CREATE OR REPLACE FUNCTION "GET_WORKTIME" 
(
  startdate_in in date,
  enddate_in   in date
)
RETURN NUMBER
AS
  days_between number(4);
  duration number;
  end_of_first_day date;
  start_of_last_day date;
  startdate date;
  enddate date;
  weekday number(1);
  temp_date date;
  holidays day_array;
  is_holiday boolean;
BEGIN
  duration     := 0;
  startdate    := startdate_in;
  enddate      := enddate_in;

IF (startdate IS NULL OR enddate IS NULL OR startdate >= enddate) THEN
  RETURN 0;
END IF;

days_between := trunc(enddate) - trunc(startdate);

end_of_first_day  := to_date(concat(to_char(startdate, 'dd.mm.yyyy'), ' 18:00:00'), 'dd.mm.yyyy hh24:mi:ss');
start_of_last_day := to_date(concat(to_char(enddate,   'dd.mm.yyyy'), ' 08:00:00'), 'dd.mm.yyyy hh24:mi:ss');

temp_date := startdate;

FOR i IN 0..days_between LOOP
    -- if it is the first day, just calculate the time until the end of that day
    IF i = 0 THEN
        duration := duration + greatest((end_of_first_day - startdate), 0) * 24 * 3600;

    -- if it is the last day, just calculate the time until that point in time
    ELSIF i = days_between THEN
        duration := duration + greatest((enddate - start_of_last_day),  0) * 24 * 3600;            

    -- for every other day, simply add 10 hours (6pm - 8am) if it is neither
    -- saturday or sunday nor a holiday
    ELSE
        weekday    := to_number(to_char(temp_date, 'D'));
        is_holiday := false;

        -- weekend?
        IF (NOT weekday IN (6,7)) THEN

            -- holiday?
            FOR j IN extract(year FROM startdate)..extract(year FROM enddate) LOOP
                holidays := get_holidays_for_year(j);

                FOR k IN 1..holidays.count LOOP
                    IF (holidays(k) = trunc(temp_date)) THEN
                        is_holiday := true;
                    END IF;
                END LOOP;
            END LOOP;

            -- add 10 hours to the duration
            IF (NOT is_holiday) THEN
                duration := duration + 10 * 3600;
            END IF;
        END IF;
    END IF;

    temp_date := temp_date + 1;
END LOOP;
RETURN duration;
END;

The function also disregards weekends and holidays, so it looks a little more comprehensive than it actually is. Thank you for your help!

Regards, Alex

Answer 1

It may be easiest to break this into 3 parts:

1. The first partial day (if any)
2. The last partial day (if any)
3. The intervening whole days (if any)

The first partial day is from the later of (start time, 8am) to the earlier of (last_date, 6pm on the first day), so we subtract those to get the time for the first day:

greatest ( least ( trunc(first_date)+18/24
                        , last_date
                        ) - greatest( first_date
                                    , trunc(first_date)+8/24
                                    )
                , 0) * 24 as last_day_hours

The outer greatest function ensures that we don't get a negative value e.g. if start time is after 6pm.

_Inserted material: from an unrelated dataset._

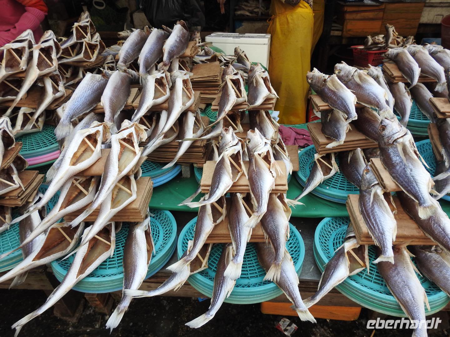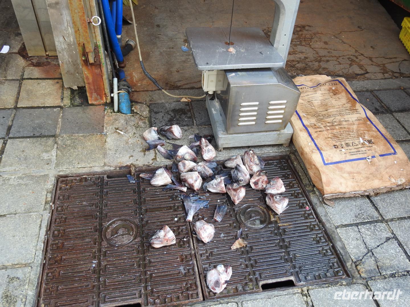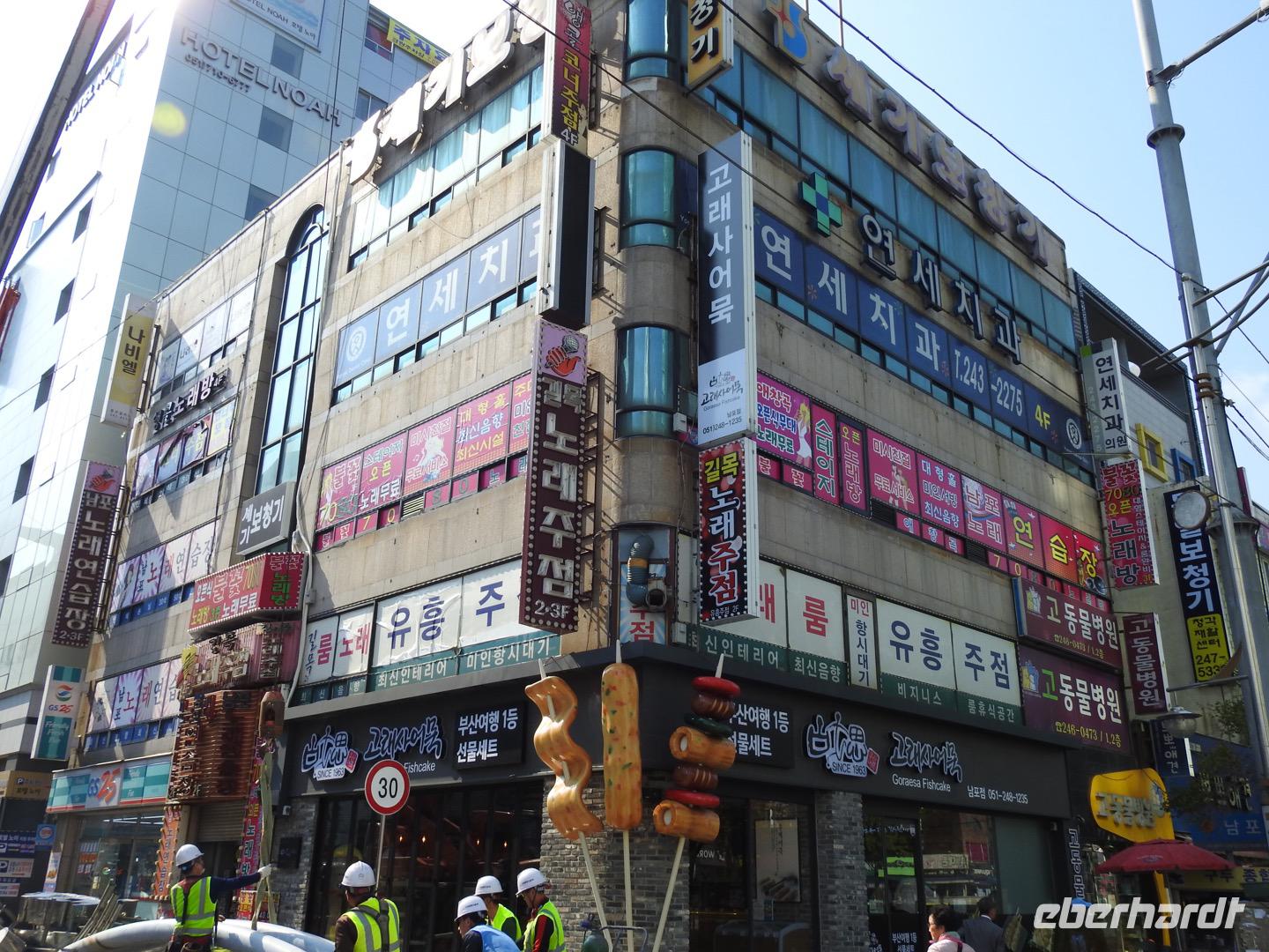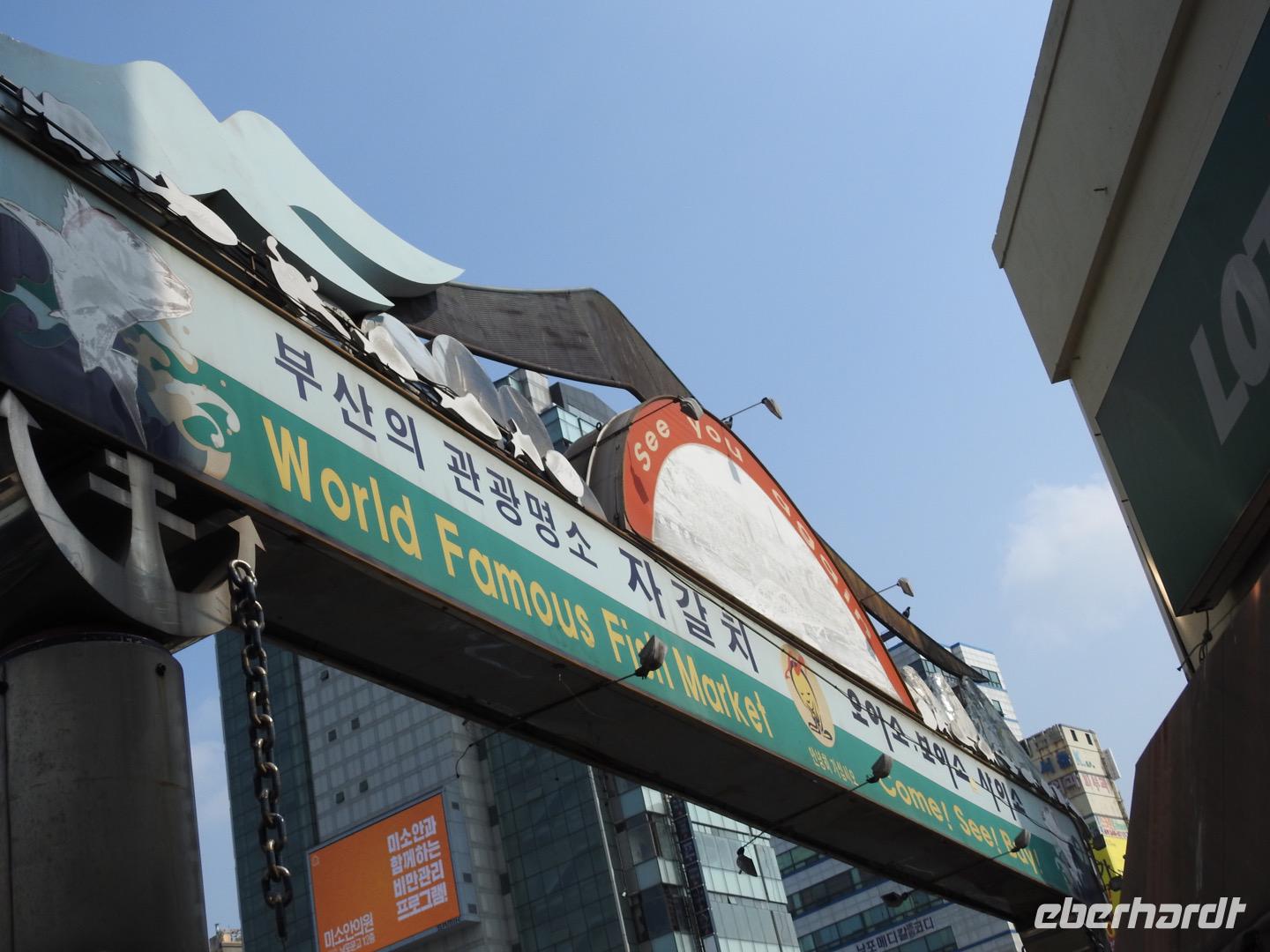 Seescheide, Abalone, Seegurke, Degenfisch sind nur einige Spezialitäten, die auf dem großen Fischmarkt von Busan angeboten werden. Wir haben Glück, es ist leer. Die Käufer für die Restaurants kommen früh um vier, die Hausfrauen nachmittags und die Geschäftsleute abends. So können wir fast gemütlich über den Fischmarkt spazieren und alles nach Herzenslust fotografieren. Viele Tintenfische, Oktopusse, Riesenkrabben und Muscheln jeglicher Couleur warten darauf, verkauft zu werden und später im Kochtopf zu landen. Manches kann man auch loh essen :-).

If the last day is not the same as the first day then the last partial day is from 8am to (end time) on the last day:

   case when trunc(last_date) != trunc(first_date) 
        then greatest ( least( last_date
                             , trunc(last_date)+18/24
                             )
                        - (trunc(last_date)+8/24)
                      , 0) * 24
        else 0 end as last_day_hours

The intervening whole days are (in hours):

   greatest ( (trunc(last_date) - (trunc(first_date)+1))
            , 0
            ) * 10 as intervening_days_in_hours

10 being the number of hours between 8am and 6pm

So adding those 3 values together gives the total hours for the period, and multiplying the total by 3600 gives the seconds:

(
   (greatest ( least ( trunc(first_date)+18/24
                    , last_date
                    ) - greatest( first_date
                                , trunc(first_date)+8/24
                                )
            , 0) * 24)
 + case when trunc(last_date) != trunc(first_date) 
        then greatest ( least( last_date
                             , trunc(last_date)+18/24
                             )
                        - (trunc(last_date)+8/24)
                      , 0) * 24
        else 0 end 
 + (greatest ( (trunc(last_date) - (trunc(first_date)+1))
            , 0
            ) * 10)
) * 3600 as total_seconds

I can't help feeling it should be easier than this though! And of course, this does not take weekends into account.

Answer 2

In Oracle you can simply subtract two dates. You can calculate the number of seconds by dividing the result by (24*60*60)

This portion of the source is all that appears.